- ASSIGNMENT -
Starting with the line that contains "LAÇO TECIDO 10X10", return every line through the end of the listing below exactly as written. Omit the pictures.

#### AVAILABLE RECORDS

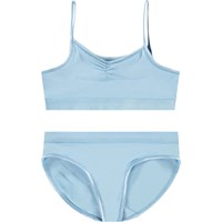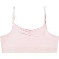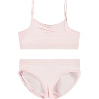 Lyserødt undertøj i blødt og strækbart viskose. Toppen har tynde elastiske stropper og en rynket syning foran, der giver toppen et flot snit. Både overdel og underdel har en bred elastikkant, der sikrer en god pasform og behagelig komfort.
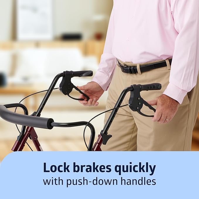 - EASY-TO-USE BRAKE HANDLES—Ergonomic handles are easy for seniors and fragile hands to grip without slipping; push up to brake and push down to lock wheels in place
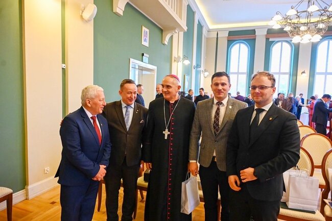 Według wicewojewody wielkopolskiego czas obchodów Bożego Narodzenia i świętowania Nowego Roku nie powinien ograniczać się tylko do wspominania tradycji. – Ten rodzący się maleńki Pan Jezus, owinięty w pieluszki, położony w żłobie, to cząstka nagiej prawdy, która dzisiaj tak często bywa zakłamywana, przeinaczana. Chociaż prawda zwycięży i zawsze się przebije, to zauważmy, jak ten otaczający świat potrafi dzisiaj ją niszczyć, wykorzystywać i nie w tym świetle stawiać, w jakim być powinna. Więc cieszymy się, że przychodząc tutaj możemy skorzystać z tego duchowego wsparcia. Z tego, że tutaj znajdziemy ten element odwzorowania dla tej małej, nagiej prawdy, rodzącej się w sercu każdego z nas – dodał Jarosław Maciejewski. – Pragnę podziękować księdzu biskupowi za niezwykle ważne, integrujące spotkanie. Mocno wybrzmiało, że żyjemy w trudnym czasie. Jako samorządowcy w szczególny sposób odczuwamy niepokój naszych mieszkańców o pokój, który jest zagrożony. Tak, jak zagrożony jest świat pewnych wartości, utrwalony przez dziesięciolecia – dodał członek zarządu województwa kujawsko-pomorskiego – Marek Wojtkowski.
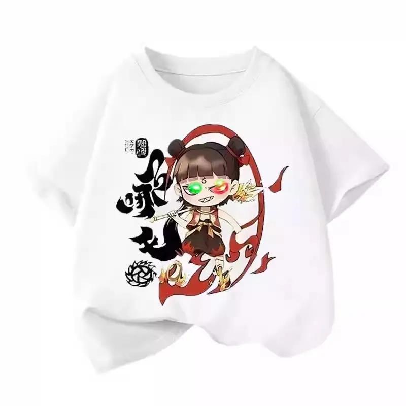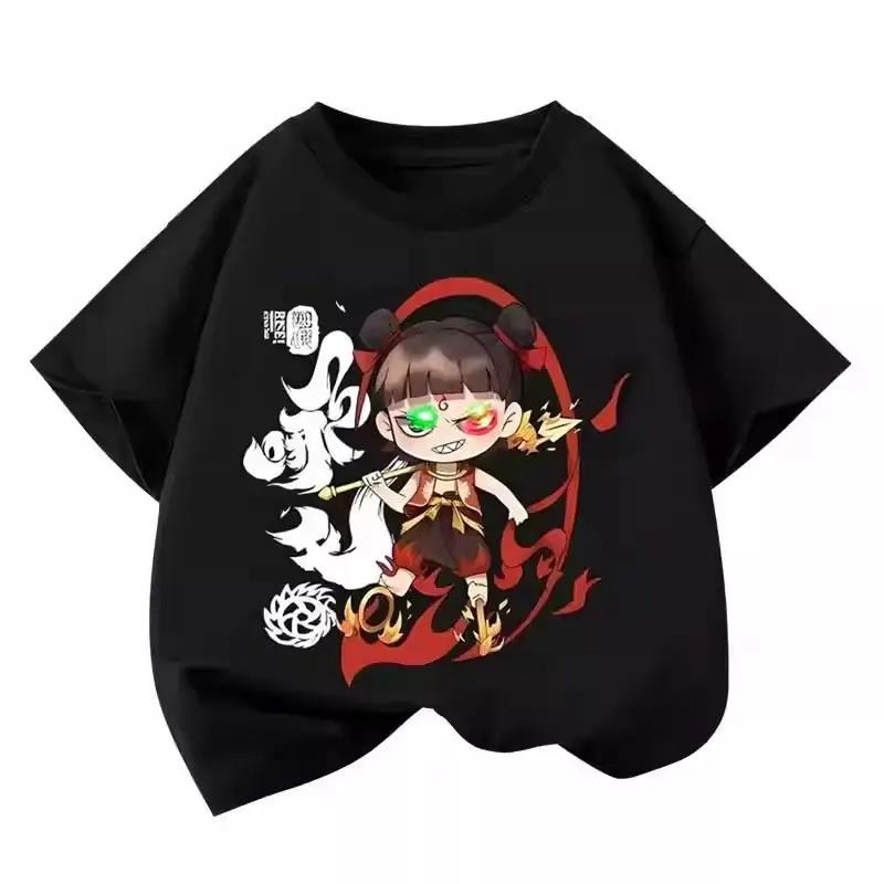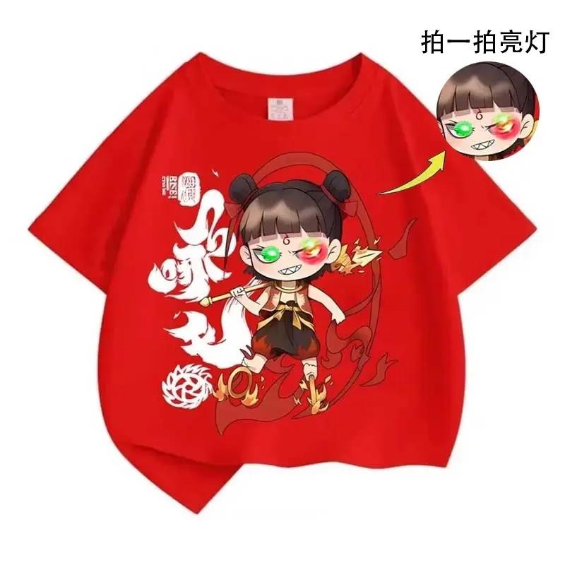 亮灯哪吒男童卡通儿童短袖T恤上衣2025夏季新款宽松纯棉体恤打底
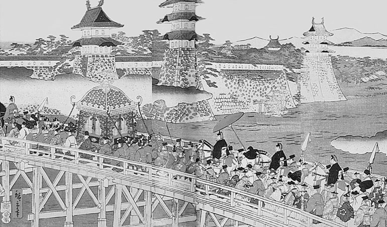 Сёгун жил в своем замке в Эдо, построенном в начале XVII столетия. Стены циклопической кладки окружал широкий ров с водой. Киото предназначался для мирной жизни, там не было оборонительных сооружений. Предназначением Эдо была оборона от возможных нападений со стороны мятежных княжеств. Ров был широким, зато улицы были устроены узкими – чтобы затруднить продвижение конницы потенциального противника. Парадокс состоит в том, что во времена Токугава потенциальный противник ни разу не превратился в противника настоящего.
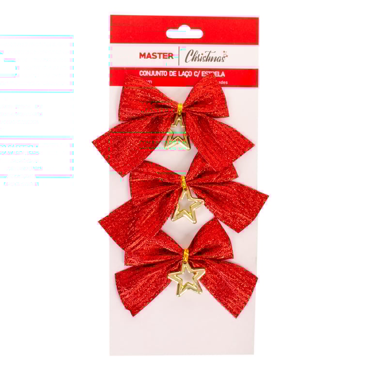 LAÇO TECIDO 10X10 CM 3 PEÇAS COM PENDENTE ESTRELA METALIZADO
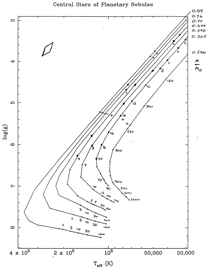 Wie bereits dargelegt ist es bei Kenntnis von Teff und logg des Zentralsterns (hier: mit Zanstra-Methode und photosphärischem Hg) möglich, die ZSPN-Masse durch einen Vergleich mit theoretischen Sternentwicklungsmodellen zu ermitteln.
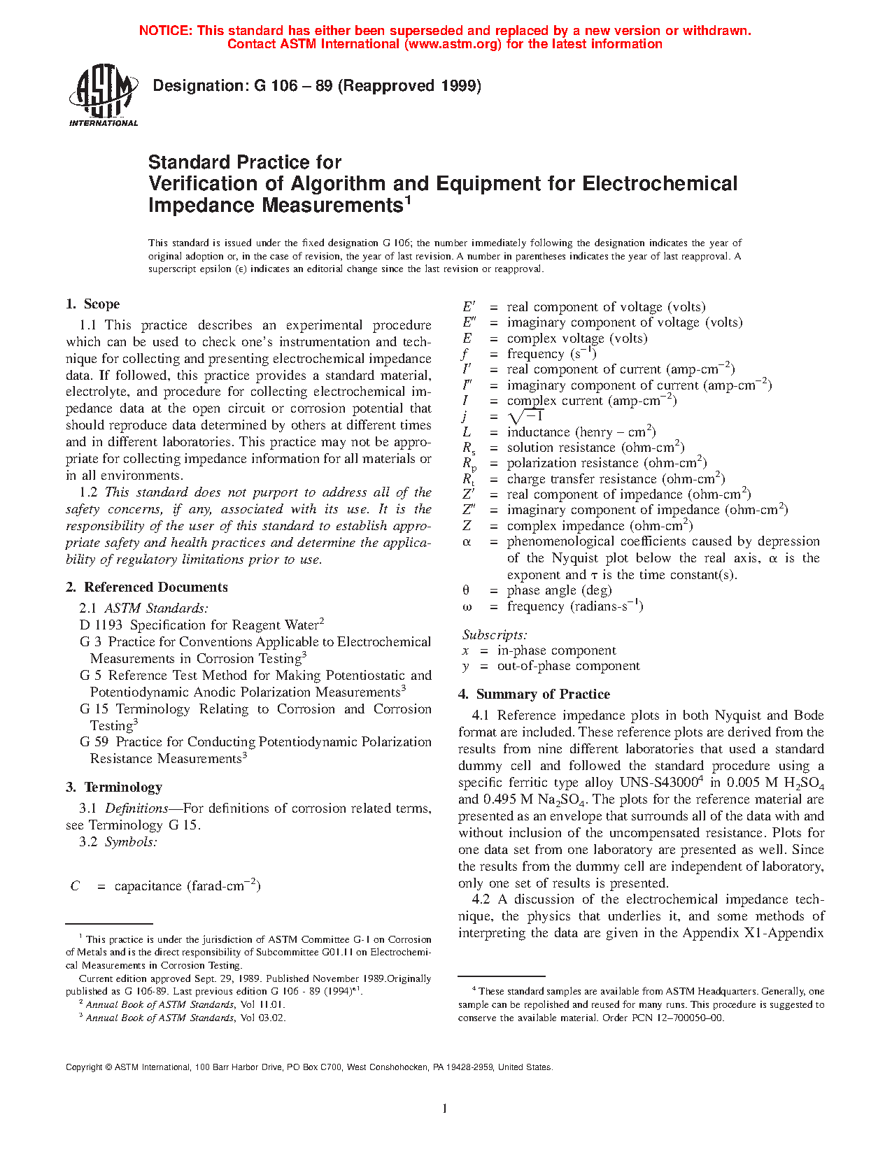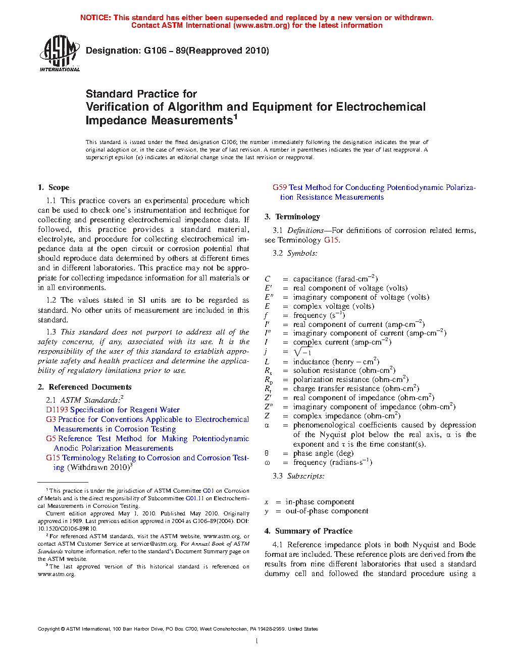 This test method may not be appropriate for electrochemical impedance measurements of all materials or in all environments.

########

- TASK ANSWER -
 LAÇO TECIDO 10X10 CM 3 PEÇAS COM PENDENTE ESTRELA METALIZADO
 Wie bereits dargelegt ist es bei Kenntnis von Teff und logg des Zentralsterns (hier: mit Zanstra-Methode und photosphärischem Hg) möglich, die ZSPN-Masse durch einen Vergleich mit theoretischen Sternentwicklungsmodellen zu ermitteln.
 This test method may not be appropriate for electrochemical impedance measurements of all materials or in all environments.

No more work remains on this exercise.